There was also a deeper concern: bias. Managers noticed that shortlists often lacked diversity, and there was no clear way to explain why some candidates were chosen over others. As one hiring manager said: “It feels like luck of the draw — I don’t know if we’re seeing the best people or just the ones who use the right words.”
The pressure was mounting: long time-to-hire, missed talent, and a lack of trust in the process.
Our Approach
We knew speed alone wouldn’t solve the problem — the solution had to be fast, fair, and explainable. We designed an AI-driven CV screening pipeline that combined automation with recruiter control.
- Parsing and normalisation: We used advanced NLP (spaCy with custom models) to parse PDFs, DOCs, and DOCXs, extracting structured data on skills, education, companies, and achievements.
- Skills graph and semantic matching: Instead of keywords, we built a skills graph (using ESCO/ONET plus client-specific taxonomies). CVs and role descriptions were converted into semantic embeddings and matched using FAISS/pgvector. This meant the system understood that “FP&A” and “financial planning” were the same.
- Hybrid scoring: We weighted three dimensions — semantic fit, evidence of real achievements, and practical constraints (location, notice period, compensation). This ensured candidates weren’t just technically strong, but genuinely aligned with the role.
- Fairness and transparency: We introduced optional redaction (hiding name, gender, photo, or graduation year) to reduce bias. Every shortlist came with plain-English justifications, e.g., “Ranked high for Power BI, NetSuite, and AP automation; 4 years domain experience.”
- Integration and feedback loop: The pipeline integrated with ATS systems and messaging tools, allowing recruiters to tweak scoring weights or thumbs-up/down candidates.
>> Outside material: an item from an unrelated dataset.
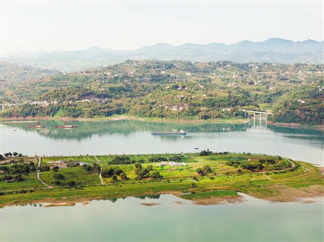 4月8日,涪陵区南沱镇睦和村,船只从江上驶过,沿岸绿意盎然(无人机照片)。

The model improved over time but never at the cost of fairness controls.
Technology Used
- spaCy + custom NER models for CV parsing.
- Skills ontology (ESCO/ONET + client taxonomies) for structured skill mapping.
- FAISS/pgvector for semantic vector search and role-CV matching.
- Hybrid scoring engine combining semantic similarity, evidence scoring, and constraint satisfaction.
- Bias controls (redaction mode, fairness dashboards, Shapley-style explainability).
- ATS/Slack integrations for recruiter workflows.
The Outcome
- Shortlisting time reduced from a full day to under 30 minutes for 300 CVs.
- Recall of high-fit candidates improved by 28%.
- Bias reduced by up to 35% when redaction mode was enabled.
- Hiring managers rated shortlist quality 4.6/5, finally trusting the process.
One HR leader said it best: “We don’t just get lists faster. We know exactly why someone made the cut — and we can stand behind it.”